**Saved entries:**
_ _ _ _ _ _ _

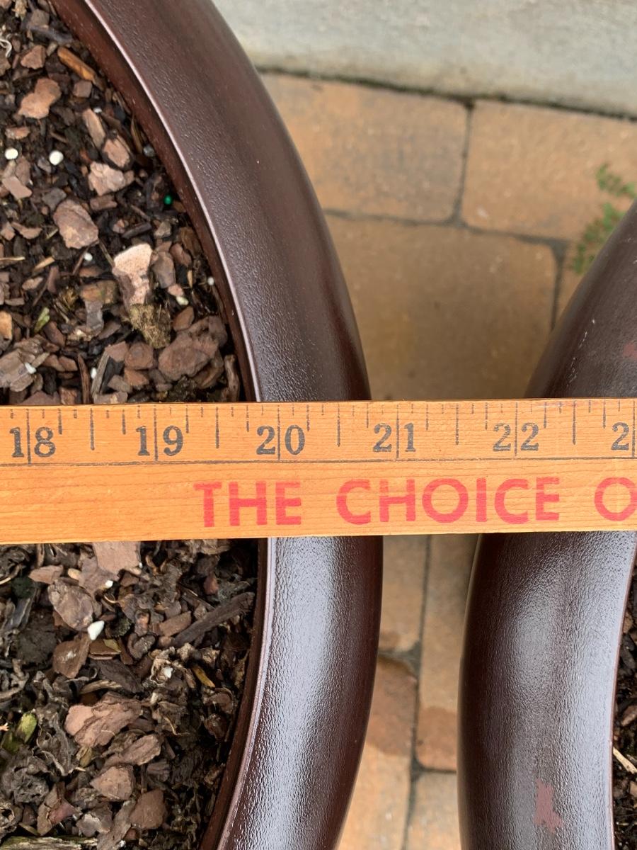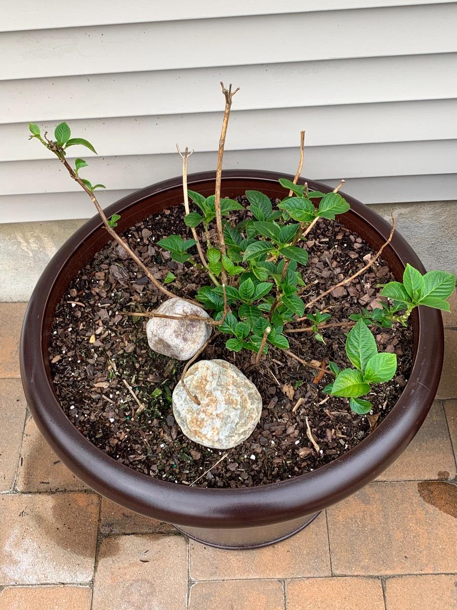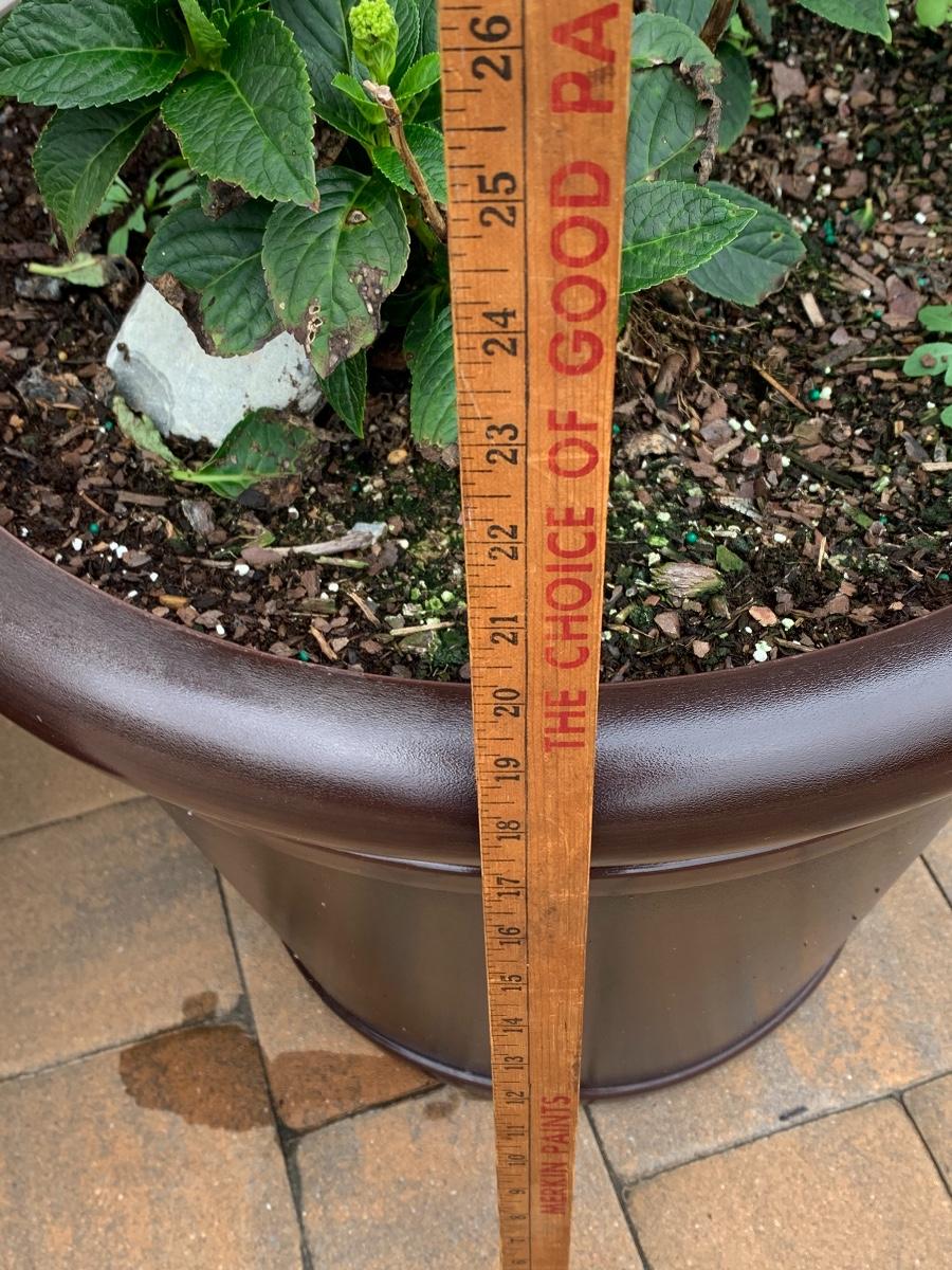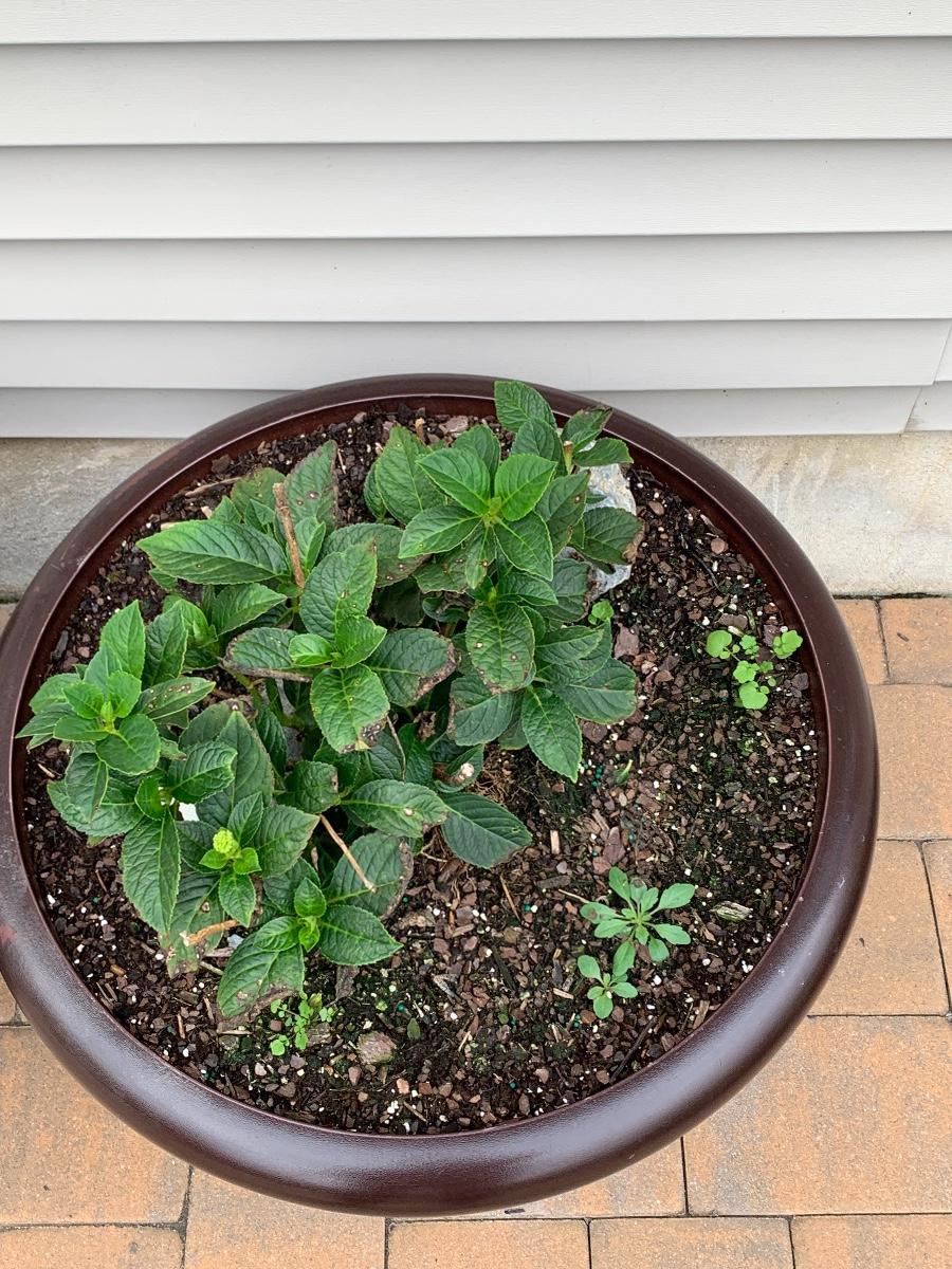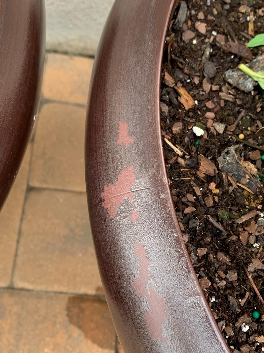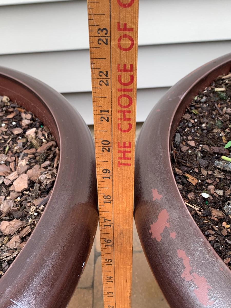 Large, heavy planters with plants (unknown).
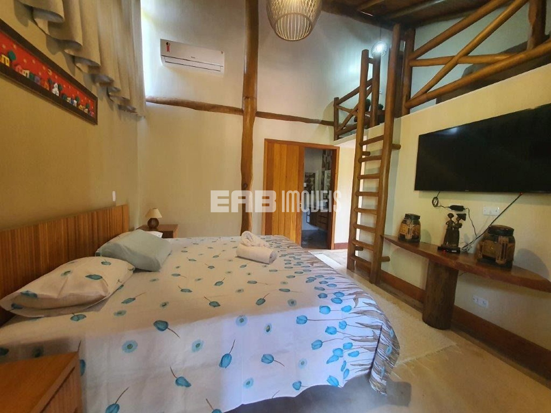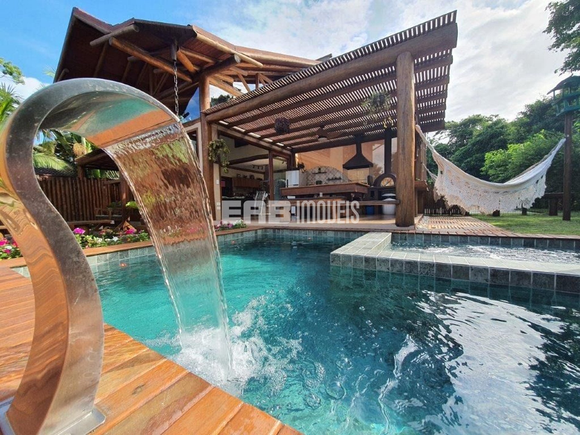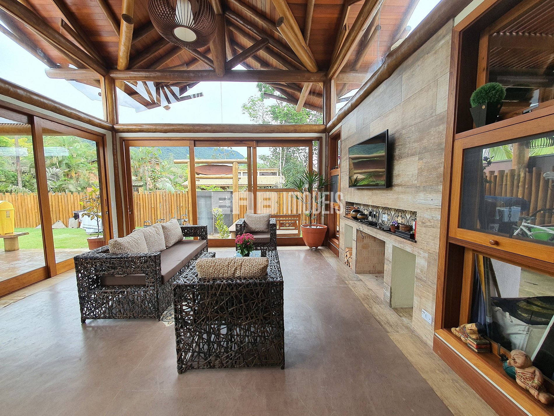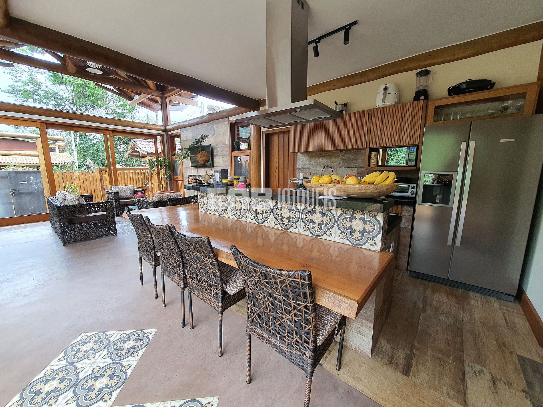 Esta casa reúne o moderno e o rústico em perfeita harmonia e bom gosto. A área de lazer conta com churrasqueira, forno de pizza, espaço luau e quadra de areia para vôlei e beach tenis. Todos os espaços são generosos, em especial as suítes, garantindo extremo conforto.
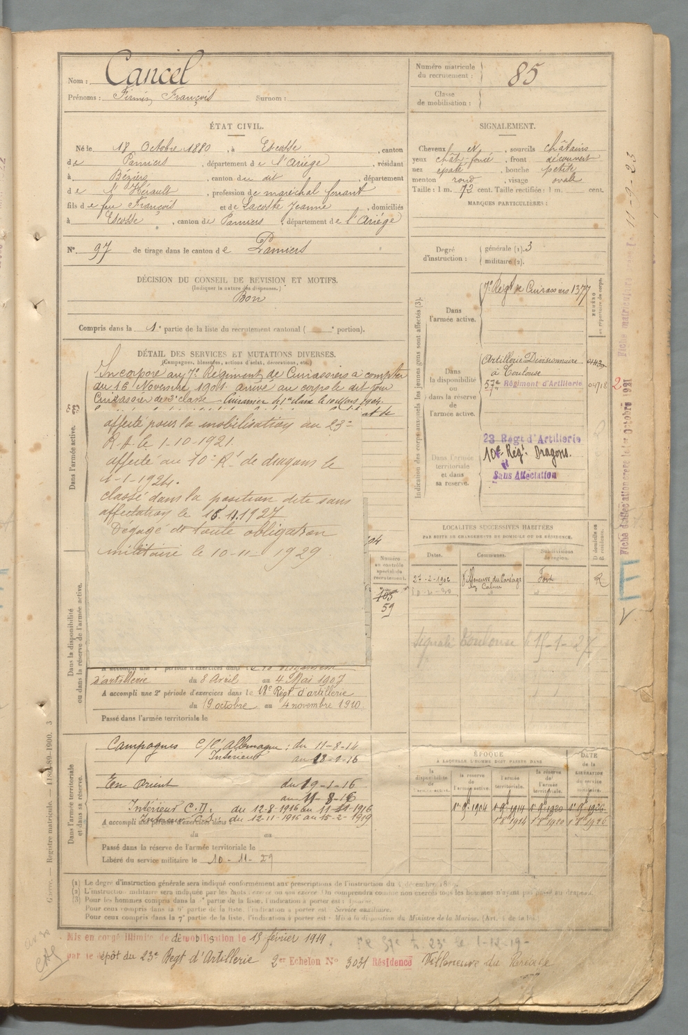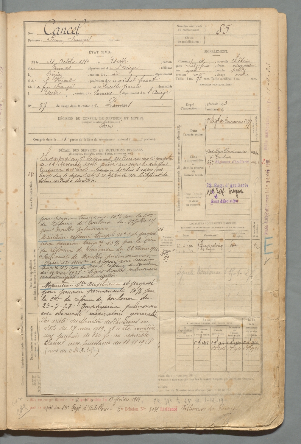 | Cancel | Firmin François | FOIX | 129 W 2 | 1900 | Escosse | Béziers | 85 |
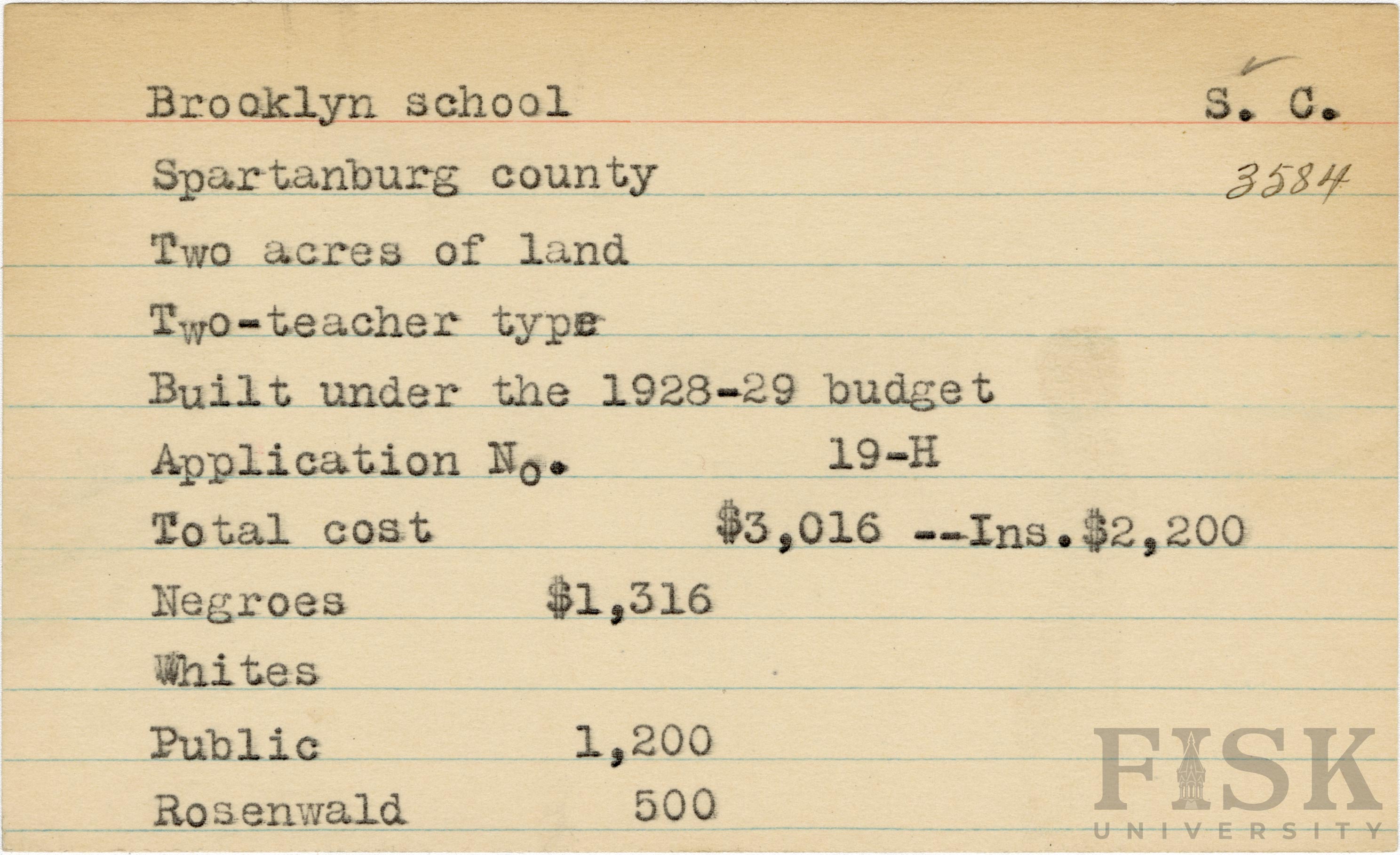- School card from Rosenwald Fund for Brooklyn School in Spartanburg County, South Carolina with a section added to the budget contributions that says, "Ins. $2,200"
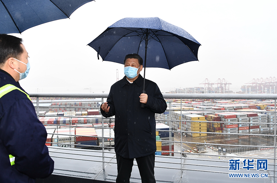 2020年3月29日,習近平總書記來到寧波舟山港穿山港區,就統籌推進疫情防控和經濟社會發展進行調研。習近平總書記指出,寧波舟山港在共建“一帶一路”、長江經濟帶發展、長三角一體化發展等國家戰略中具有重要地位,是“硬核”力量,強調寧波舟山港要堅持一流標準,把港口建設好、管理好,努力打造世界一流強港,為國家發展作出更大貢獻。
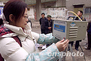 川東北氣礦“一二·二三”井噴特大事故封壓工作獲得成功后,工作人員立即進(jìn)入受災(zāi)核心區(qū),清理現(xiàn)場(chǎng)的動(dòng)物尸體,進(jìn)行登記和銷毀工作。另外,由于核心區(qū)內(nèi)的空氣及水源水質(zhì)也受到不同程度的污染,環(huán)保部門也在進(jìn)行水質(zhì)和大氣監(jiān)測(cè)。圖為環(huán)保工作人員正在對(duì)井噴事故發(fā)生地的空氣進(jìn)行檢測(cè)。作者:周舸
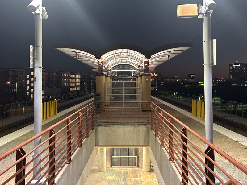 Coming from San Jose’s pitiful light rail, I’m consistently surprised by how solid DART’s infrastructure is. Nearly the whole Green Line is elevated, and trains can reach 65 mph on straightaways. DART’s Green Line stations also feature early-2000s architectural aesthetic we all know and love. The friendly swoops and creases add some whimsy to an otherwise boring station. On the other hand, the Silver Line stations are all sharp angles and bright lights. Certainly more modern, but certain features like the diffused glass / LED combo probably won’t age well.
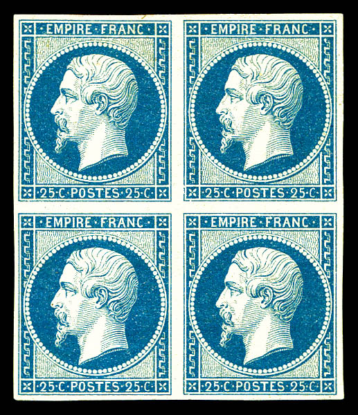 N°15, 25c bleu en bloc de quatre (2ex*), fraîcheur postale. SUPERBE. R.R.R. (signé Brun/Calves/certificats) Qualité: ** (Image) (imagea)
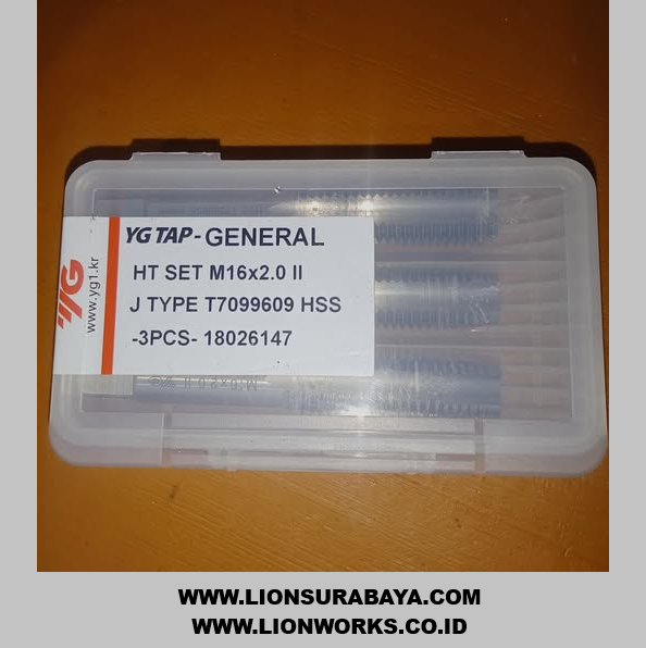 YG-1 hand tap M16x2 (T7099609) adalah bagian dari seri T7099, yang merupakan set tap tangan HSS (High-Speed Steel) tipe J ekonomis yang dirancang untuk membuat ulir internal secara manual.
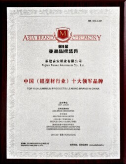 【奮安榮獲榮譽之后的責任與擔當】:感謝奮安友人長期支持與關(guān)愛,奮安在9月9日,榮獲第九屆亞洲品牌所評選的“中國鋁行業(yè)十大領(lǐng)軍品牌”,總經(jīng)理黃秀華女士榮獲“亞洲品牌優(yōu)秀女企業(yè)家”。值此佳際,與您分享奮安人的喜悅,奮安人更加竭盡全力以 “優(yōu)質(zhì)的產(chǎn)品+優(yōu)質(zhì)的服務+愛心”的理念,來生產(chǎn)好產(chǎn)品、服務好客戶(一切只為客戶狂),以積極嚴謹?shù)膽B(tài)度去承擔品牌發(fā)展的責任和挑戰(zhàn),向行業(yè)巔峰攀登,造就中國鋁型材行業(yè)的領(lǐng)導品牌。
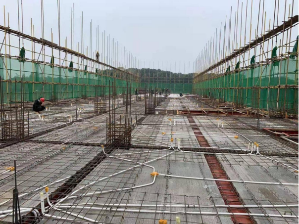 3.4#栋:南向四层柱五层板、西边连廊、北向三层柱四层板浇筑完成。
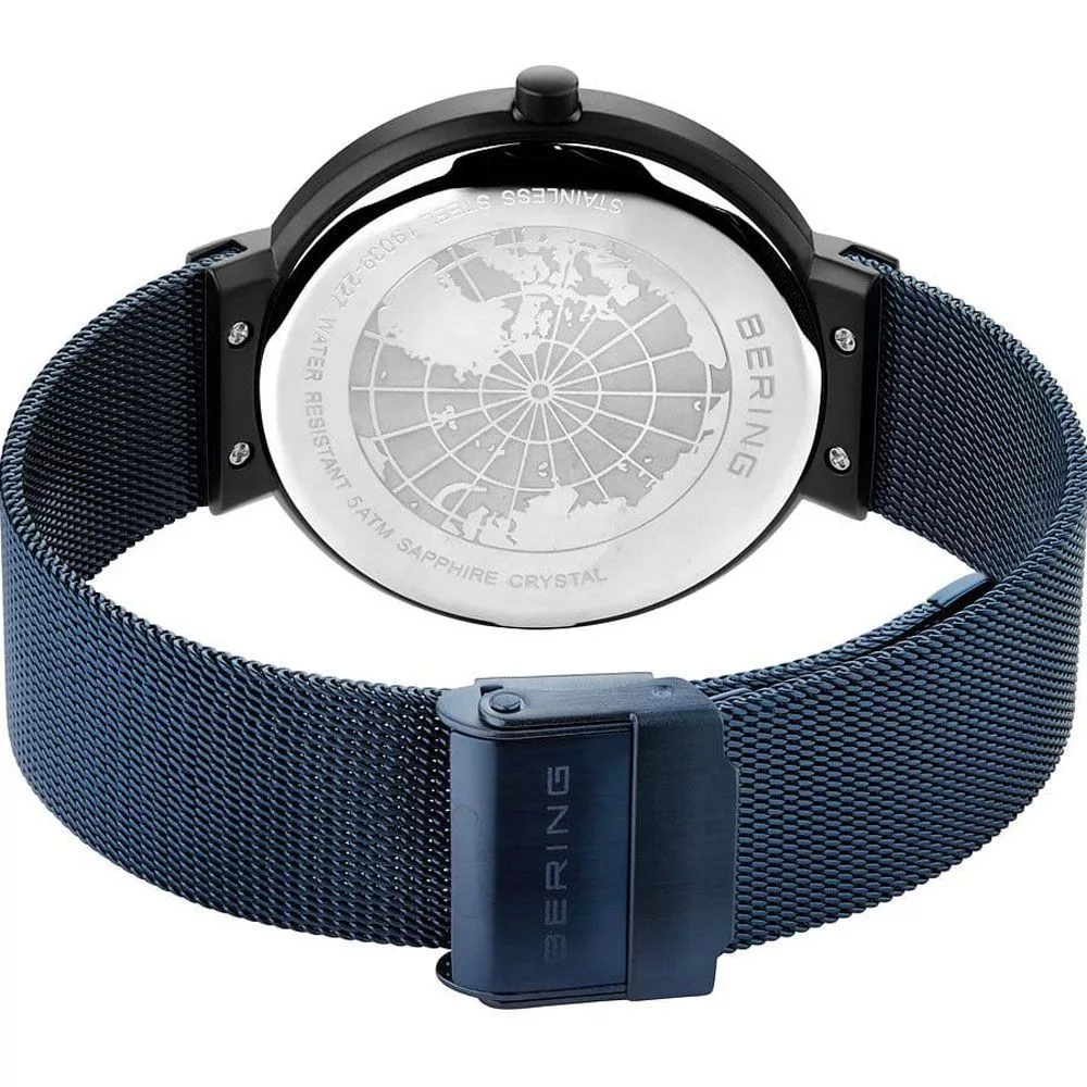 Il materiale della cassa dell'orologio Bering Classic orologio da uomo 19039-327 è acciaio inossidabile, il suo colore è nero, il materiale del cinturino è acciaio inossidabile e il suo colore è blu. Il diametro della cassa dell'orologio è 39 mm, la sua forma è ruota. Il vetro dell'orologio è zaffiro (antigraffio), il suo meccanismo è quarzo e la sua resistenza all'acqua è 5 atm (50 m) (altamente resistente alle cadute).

_ _ _ _ _ _ _

**WHAT IS REQUIRED:**
The required answer is every line from the one containing "YG-1 hand tap" through the last line of the entries, restated word for word and with no pictures.

**EXPECTED ANSWER:**
 YG-1 hand tap M16x2 (T7099609) adalah bagian dari seri T7099, yang merupakan set tap tangan HSS (High-Speed Steel) tipe J ekonomis yang dirancang untuk membuat ulir internal secara manual.
 【奮安榮獲榮譽之后的責任與擔當】:感謝奮安友人長期支持與關(guān)愛,奮安在9月9日,榮獲第九屆亞洲品牌所評選的“中國鋁行業(yè)十大領(lǐng)軍品牌”,總經(jīng)理黃秀華女士榮獲“亞洲品牌優(yōu)秀女企業(yè)家”。值此佳際,與您分享奮安人的喜悅,奮安人更加竭盡全力以 “優(yōu)質(zhì)的產(chǎn)品+優(yōu)質(zhì)的服務+愛心”的理念,來生產(chǎn)好產(chǎn)品、服務好客戶(一切只為客戶狂),以積極嚴謹?shù)膽B(tài)度去承擔品牌發(fā)展的責任和挑戰(zhàn),向行業(yè)巔峰攀登,造就中國鋁型材行業(yè)的領(lǐng)導品牌。
 3.4#栋:南向四层柱五层板、西边连廊、北向三层柱四层板浇筑完成。
 Il materiale della cassa dell'orologio Bering Classic orologio da uomo 19039-327 è acciaio inossidabile, il suo colore è nero, il materiale del cinturino è acciaio inossidabile e il suo colore è blu. Il diametro della cassa dell'orologio è 39 mm, la sua forma è ruota. Il vetro dell'orologio è zaffiro (antigraffio), il suo meccanismo è quarzo e la sua resistenza all'acqua è 5 atm (50 m) (altamente resistente alle cadute).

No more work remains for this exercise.